* [EXERCISE DESCRIPTION]:
Using the entries below, write out the line with "Weimar um 1810, Mahagoni", the line with "Стильный габаритный комод", and every line in between, exactly as each is written.

* [TASK DATA]:
+ + + + +
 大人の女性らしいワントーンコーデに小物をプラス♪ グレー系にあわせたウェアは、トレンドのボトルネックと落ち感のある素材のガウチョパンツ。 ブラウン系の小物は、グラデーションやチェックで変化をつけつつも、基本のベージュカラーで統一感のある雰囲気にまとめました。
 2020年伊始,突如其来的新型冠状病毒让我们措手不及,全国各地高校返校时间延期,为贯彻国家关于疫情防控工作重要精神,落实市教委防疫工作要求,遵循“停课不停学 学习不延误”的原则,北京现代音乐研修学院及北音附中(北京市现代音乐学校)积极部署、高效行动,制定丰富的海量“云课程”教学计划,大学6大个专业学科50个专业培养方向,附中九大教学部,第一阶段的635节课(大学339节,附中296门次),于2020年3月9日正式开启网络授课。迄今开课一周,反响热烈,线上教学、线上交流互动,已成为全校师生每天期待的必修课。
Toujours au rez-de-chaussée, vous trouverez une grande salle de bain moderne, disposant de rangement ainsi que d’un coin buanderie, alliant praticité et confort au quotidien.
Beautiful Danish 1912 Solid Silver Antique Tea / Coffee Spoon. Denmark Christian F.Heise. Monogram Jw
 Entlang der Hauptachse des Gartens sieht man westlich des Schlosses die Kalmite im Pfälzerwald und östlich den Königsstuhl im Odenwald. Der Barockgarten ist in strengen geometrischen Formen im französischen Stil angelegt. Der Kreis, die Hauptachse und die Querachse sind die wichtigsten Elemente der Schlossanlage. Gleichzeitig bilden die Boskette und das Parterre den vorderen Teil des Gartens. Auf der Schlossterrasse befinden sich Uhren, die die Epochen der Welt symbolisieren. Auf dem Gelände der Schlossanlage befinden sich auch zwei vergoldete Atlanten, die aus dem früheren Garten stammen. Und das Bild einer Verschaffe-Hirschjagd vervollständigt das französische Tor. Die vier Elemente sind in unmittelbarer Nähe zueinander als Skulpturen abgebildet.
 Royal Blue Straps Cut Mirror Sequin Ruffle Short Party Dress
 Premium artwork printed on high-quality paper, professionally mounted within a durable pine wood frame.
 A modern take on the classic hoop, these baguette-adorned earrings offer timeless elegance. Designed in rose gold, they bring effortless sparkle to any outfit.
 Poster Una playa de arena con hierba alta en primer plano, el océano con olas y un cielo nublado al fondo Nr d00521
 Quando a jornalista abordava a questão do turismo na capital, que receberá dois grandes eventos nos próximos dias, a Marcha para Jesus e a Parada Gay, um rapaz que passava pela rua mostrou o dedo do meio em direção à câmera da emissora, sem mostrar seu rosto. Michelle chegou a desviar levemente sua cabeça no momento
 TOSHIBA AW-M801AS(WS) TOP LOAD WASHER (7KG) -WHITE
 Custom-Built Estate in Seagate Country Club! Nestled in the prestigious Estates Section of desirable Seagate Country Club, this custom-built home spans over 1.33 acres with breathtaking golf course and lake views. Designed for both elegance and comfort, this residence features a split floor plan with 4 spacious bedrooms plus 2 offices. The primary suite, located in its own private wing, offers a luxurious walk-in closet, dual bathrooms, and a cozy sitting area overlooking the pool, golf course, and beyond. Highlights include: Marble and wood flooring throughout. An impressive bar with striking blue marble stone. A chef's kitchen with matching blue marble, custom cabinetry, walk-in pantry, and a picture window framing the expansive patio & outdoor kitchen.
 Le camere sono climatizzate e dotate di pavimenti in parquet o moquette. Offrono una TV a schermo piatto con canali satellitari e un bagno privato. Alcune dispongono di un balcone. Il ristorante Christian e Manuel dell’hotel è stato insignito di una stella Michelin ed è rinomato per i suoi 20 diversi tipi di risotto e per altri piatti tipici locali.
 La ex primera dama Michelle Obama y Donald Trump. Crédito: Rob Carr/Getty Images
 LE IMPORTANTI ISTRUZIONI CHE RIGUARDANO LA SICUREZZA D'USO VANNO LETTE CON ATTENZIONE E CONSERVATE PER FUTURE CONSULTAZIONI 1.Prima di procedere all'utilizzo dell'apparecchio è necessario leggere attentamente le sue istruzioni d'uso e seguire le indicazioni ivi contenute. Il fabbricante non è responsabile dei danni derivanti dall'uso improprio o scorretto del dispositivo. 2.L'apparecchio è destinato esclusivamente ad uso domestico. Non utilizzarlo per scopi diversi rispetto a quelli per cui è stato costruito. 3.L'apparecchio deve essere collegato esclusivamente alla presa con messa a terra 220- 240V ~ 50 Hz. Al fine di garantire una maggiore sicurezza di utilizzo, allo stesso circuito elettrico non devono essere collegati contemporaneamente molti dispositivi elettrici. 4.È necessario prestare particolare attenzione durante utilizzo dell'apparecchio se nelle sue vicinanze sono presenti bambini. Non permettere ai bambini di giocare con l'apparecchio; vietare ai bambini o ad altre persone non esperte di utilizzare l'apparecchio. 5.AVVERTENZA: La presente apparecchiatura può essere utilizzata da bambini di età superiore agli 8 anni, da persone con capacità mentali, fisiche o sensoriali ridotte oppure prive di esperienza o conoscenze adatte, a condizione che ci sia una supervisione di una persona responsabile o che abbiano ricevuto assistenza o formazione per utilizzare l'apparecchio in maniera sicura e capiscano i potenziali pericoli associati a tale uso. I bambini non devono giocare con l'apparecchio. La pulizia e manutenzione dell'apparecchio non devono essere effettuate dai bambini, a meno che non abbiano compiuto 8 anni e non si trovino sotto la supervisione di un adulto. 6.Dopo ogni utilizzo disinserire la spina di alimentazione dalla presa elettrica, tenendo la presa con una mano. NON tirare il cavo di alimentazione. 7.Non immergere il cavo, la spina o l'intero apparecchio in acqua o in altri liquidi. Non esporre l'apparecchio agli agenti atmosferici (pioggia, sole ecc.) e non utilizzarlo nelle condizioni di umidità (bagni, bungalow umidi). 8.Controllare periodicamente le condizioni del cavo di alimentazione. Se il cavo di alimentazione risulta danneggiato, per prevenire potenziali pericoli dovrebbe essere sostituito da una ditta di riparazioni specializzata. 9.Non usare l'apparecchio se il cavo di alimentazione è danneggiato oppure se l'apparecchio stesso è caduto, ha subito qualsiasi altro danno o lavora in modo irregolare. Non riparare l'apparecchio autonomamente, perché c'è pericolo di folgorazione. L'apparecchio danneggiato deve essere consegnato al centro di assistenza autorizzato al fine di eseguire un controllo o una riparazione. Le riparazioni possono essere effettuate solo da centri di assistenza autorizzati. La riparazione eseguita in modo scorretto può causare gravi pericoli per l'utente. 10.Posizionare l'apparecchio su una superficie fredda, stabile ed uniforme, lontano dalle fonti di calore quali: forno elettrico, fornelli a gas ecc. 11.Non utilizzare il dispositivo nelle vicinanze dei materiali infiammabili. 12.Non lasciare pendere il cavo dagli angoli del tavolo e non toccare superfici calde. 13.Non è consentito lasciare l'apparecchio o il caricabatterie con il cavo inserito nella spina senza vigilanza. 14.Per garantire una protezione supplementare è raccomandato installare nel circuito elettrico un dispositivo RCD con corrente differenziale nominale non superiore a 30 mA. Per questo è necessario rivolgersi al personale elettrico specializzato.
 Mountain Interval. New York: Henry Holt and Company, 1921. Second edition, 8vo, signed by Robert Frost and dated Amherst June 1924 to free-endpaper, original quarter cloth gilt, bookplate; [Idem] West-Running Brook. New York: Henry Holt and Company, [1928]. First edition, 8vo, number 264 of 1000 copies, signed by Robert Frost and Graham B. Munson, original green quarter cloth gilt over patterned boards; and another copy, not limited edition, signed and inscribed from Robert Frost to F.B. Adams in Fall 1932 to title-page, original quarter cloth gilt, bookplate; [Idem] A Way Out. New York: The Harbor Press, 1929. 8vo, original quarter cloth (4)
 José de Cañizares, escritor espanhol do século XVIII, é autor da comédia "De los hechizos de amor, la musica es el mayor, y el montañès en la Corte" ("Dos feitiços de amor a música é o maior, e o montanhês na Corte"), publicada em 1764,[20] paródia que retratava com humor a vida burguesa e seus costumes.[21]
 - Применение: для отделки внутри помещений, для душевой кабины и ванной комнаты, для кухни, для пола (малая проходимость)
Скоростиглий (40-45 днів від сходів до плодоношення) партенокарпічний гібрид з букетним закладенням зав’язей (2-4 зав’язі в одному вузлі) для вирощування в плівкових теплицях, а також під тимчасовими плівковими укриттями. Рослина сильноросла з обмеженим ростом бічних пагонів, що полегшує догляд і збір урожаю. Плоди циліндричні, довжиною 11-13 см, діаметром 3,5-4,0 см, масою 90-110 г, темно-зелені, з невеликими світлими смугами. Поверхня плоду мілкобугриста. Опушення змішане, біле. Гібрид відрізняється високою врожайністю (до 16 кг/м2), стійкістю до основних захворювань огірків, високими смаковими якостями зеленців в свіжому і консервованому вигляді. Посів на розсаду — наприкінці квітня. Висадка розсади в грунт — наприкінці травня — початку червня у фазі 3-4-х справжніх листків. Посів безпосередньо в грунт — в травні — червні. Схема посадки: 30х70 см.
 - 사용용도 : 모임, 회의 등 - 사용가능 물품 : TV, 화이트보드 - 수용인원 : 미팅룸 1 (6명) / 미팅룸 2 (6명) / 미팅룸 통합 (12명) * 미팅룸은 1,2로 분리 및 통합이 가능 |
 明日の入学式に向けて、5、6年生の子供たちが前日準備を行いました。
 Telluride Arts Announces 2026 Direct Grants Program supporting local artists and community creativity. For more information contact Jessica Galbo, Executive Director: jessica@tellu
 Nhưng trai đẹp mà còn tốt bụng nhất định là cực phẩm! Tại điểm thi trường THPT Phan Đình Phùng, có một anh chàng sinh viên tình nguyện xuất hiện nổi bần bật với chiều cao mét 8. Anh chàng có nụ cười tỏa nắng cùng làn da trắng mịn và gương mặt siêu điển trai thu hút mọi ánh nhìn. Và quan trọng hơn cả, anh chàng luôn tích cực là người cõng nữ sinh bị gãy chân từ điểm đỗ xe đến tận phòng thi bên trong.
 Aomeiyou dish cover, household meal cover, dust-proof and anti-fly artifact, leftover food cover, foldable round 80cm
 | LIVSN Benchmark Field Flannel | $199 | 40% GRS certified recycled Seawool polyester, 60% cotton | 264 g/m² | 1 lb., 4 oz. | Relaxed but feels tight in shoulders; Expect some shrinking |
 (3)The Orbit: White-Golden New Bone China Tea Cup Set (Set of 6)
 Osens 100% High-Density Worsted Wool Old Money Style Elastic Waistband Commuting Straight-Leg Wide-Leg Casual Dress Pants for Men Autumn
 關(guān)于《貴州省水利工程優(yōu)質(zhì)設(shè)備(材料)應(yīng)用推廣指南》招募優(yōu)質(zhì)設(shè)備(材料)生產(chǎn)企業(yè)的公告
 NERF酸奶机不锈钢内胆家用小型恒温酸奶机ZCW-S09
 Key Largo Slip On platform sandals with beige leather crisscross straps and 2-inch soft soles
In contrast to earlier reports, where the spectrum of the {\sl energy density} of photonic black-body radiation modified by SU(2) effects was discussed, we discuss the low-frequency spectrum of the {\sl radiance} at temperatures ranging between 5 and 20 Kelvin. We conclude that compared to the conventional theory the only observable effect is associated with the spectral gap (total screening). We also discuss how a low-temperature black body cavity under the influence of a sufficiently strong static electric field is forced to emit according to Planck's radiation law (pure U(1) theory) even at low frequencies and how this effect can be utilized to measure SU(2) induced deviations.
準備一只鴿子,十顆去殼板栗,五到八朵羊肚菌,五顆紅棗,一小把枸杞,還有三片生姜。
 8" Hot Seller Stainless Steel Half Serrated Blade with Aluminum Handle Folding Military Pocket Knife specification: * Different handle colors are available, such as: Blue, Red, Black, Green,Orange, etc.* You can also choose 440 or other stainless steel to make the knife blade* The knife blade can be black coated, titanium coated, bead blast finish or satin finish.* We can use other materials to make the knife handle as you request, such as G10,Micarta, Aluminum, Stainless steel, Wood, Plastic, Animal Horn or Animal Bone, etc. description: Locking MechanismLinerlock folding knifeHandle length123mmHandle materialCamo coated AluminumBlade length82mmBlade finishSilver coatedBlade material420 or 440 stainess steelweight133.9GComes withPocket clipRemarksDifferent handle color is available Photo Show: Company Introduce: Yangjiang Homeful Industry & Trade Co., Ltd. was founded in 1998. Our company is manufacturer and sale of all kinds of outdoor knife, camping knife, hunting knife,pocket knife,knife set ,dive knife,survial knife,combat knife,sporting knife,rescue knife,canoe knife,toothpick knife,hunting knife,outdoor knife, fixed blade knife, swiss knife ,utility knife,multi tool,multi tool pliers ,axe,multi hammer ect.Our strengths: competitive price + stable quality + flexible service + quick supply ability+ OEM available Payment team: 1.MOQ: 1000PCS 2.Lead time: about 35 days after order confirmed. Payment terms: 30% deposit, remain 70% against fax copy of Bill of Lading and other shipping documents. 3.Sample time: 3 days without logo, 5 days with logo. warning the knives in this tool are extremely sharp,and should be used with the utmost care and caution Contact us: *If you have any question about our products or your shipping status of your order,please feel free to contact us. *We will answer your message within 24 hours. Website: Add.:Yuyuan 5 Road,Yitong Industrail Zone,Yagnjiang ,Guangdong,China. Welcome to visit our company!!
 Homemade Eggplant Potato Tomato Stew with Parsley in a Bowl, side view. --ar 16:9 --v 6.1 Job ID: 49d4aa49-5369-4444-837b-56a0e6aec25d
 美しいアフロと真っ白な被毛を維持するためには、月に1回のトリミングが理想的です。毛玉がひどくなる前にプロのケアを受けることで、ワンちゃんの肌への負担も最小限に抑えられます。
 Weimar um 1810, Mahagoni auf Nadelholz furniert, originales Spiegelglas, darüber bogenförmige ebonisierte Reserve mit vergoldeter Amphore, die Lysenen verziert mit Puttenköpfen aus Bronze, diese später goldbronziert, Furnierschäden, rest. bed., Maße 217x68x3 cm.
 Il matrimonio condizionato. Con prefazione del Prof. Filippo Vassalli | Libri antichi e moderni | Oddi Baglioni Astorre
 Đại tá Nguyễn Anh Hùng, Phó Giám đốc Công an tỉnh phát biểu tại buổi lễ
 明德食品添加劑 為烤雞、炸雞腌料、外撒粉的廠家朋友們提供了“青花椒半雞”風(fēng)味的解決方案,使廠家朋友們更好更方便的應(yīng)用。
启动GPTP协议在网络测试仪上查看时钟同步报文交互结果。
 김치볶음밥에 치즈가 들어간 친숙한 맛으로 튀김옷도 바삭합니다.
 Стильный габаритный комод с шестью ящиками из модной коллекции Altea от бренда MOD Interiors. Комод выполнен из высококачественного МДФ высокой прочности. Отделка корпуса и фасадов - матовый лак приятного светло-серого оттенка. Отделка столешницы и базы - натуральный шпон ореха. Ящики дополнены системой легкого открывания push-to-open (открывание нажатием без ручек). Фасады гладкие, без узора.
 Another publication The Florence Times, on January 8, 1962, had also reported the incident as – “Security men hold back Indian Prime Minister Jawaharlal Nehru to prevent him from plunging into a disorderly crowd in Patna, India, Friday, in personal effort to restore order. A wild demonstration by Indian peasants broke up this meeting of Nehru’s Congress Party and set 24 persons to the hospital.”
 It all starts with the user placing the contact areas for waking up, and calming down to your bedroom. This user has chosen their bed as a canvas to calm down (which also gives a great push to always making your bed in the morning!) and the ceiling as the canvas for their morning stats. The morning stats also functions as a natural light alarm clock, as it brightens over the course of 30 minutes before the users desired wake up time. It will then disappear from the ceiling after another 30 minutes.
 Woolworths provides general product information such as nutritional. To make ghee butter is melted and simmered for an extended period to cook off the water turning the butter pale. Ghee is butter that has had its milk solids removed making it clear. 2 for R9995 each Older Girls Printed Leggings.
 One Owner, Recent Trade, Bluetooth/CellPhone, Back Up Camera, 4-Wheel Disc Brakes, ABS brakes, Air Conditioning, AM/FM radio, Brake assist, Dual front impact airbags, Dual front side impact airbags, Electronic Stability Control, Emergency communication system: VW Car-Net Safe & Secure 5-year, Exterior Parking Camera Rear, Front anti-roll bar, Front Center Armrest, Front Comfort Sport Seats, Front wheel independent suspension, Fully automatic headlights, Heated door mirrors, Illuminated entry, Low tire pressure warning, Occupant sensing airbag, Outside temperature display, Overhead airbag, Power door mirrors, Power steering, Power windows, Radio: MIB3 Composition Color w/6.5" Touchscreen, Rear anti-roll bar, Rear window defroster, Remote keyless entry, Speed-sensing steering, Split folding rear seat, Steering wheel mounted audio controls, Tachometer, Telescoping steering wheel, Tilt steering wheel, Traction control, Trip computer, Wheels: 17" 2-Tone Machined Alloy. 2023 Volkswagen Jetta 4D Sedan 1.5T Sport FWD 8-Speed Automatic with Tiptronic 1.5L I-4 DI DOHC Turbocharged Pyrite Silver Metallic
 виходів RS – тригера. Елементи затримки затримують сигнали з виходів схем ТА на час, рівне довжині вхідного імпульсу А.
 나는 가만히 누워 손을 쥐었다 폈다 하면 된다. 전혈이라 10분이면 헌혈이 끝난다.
+ + + + +
* [REPLY TO THE TASK]:
 Weimar um 1810, Mahagoni auf Nadelholz furniert, originales Spiegelglas, darüber bogenförmige ebonisierte Reserve mit vergoldeter Amphore, die Lysenen verziert mit Puttenköpfen aus Bronze, diese später goldbronziert, Furnierschäden, rest. bed., Maße 217x68x3 cm.
 Il matrimonio condizionato. Con prefazione del Prof. Filippo Vassalli | Libri antichi e moderni | Oddi Baglioni Astorre
 Đại tá Nguyễn Anh Hùng, Phó Giám đốc Công an tỉnh phát biểu tại buổi lễ
 明德食品添加劑 為烤雞、炸雞腌料、外撒粉的廠家朋友們提供了“青花椒半雞”風(fēng)味的解決方案,使廠家朋友們更好更方便的應(yīng)用。
启动GPTP协议在网络测试仪上查看时钟同步报文交互结果。
 김치볶음밥에 치즈가 들어간 친숙한 맛으로 튀김옷도 바삭합니다.
 Стильный габаритный комод с шестью ящиками из модной коллекции Altea от бренда MOD Interiors. Комод выполнен из высококачественного МДФ высокой прочности. Отделка корпуса и фасадов - матовый лак приятного светло-серого оттенка. Отделка столешницы и базы - натуральный шпон ореха. Ящики дополнены системой легкого открывания push-to-open (открывание нажатием без ручек). Фасады гладкие, без узора.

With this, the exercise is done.